Вокруг были только сверстники, настоящая пацанья республика, но детство кончилось. Взрослая жизнь оказалась суровым учителем: строго спрашивала и била тяжело. И хотя беды обходили Ивана стороной, сердце его сжималось от чужого горя и ныло неведомой прежде болью… Хороший был парень Максим Девятов — работящий, веселый, добрый. Но прознали, что отец его служил урядником и вынесли решение: из комсомольской ячейки исключить. Иван защищал друга, просил за него, доказывал, спорил — не помогло. Решение оставили в силе. На другой день Максим не пришел в депо. А потом страшная весть: повесился! Придавленные этой смертью шли мальчишки-ремонтники за гробом своего сверстника.
Таким запомнилось Блинову прощание с детством.
Паровозы выходили из депо, но угля часто не хватало. По воскресеньям все отправлялись в ближний лес заготовлять дрова для топок.
Шатко бежал узкоколейкой слабосильный паровичок с двумя вагонами. В вагонах сидели парни и пели новые песни. Иван подпевал.
В погожие дни работа спорилась. В золотом березняке, насквозь просвеченном осенним солнцем, Иван чувствовал себя почти счастливым.
5
Машина — строгая вещь. Для нее ум и ученье нужны, а чернорабочий — одна сырая сила!
Из-за черной коробки тендера вышли пятеро с винтовками. С ними был начальник станции в расстегнутой форменной шинели и с непокрытой головой: взяли, видать, прямо из-за стола. Начальник упирался, его подталкивали в спину прикладами. Дальше сомкнутой группой двигались еще десятка два человек, пестро одетых и вооруженных чем попало — остатки разбитой красными банды.
Вперед выступил рослый матрос в нагольном полушубке, из-под которого выглядывал застиранный тельник.
— Именем свободной России! — Матрос вдруг широко улыбнулся, обнажив крупные белые зубы. — Даешь паровоз, братишки!
Из толпы ремонтников выскочил Венька Шалый, по прозвищу Японец.
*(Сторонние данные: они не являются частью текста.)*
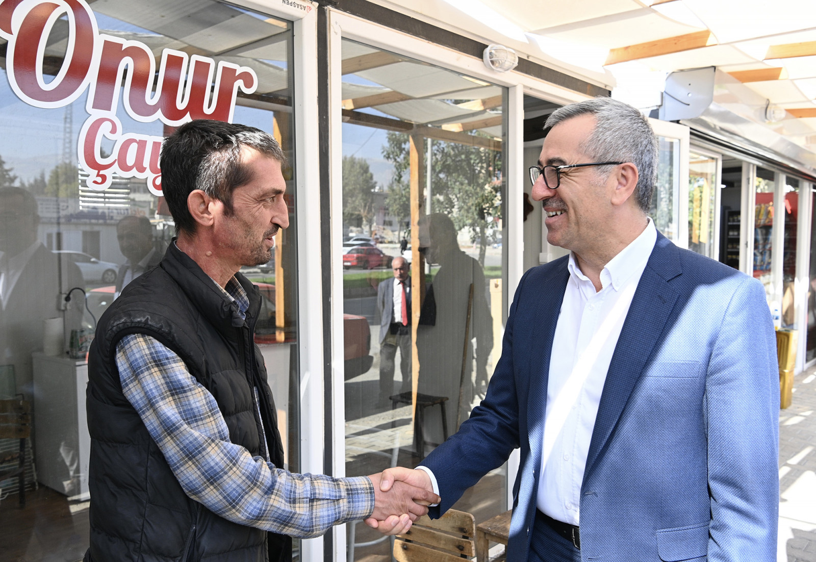 Şehrin her noktasında vatandaşlarla bir araya gelerek talep ve isteklerini çözüme kavuşturmak için gayretini sürdüren Kahramanmaraş Büyükşehir Belediye Başkanı Hayrettin Güngör, Dulkadiroğlu ilçesi Cumhuriyet Caddesi’nde oluşturulan geçici iş yerlerinde ticari faaliyetlerini sürdüren esnafları ziyaret etti. Esnaflarla sohbet ederek taleplerini dinleyen, ihtiyaçlarını tek tek not alan Başkan Hayrettin Güngör, “Yeni Kahramanmaraş’ın inşası noktasında kendi sorumluluklarını yerine getirmek için ellerinden geleni yapan esnaflarımızla bir araya gelmeyi sürdürüyoruz. Bugün de Cumhuriyet Caddesi’nde kurulan geçici iş yerlerinde ticari faaliyetlerini sürdüren esnaflarımızla bir araya gelerek hayırlı işler dileklerimizi ilettik, taleplerini dinledik. Hemşehrilerimizin kalıcı konut ve iş yerlerine en kısa sürede kavuşması için de gayretimizi sürdürüyoruz. Alt ve üstyapısıyla afetlere karşı dayanıklı yeni Kahramanmaraş’ı hep birlikte inşa ediyoruz. Bu süreçte emek veren herkese teşekkür ediyoruz” diye konuştu.

Этот смуглолицый, с раскосыми глазами въедливый пацан полгода назад невесть откуда появился в депо и теперь тоже работал на ремонте.
— Держи карман! — крикнул он. — Есть у тебя мандат?
Матрос пинком отшвырнул Веньку на рельсы и шагнул к Дребедневу.
— Ну, дед…
— Что же ты с ребенком делаешь, гада проклятая? — тихо спросил Дребеднев. — С кем связался!
Матрос не спеша достал из полированной деревянной кобуры маузер.
— Выкатывай паровоз!
— Ты кого пужаешь, зверь! — не унимался Дребеднев. — Русским языком говорят: где мандат?
— А вот я сейчас покажу тебе мандат. — Матрос грязной пятерней схватил Дребеднева за горло и несколько раз зло тряхнул его.
Старик обмяк и повалился на землю. Мальчишки разбежались и из-за вагонов следили за непрошеными гостями. Те разбрелись по путям, лезли в будки паровозов, заглядывали в топки.
Венька, ругаясь, обмывал разбитую голову дождевой водой из кадки. Иван увидел, как вдоль кирпичной стены мастерских ковылял Дребеднев. Он держался за горло и часто сплевывал, седая голова и плечи старика тряслись от кашля.
Больше они не вступали в разговоры. Как увидят чужих людей с винтовками, сразу разбегаются. Наделали в крыше нор, там и прятались. Там и ночевали иногда. Да и зачем было возвращаться домой: ни куска хлеба, ни капли керосина…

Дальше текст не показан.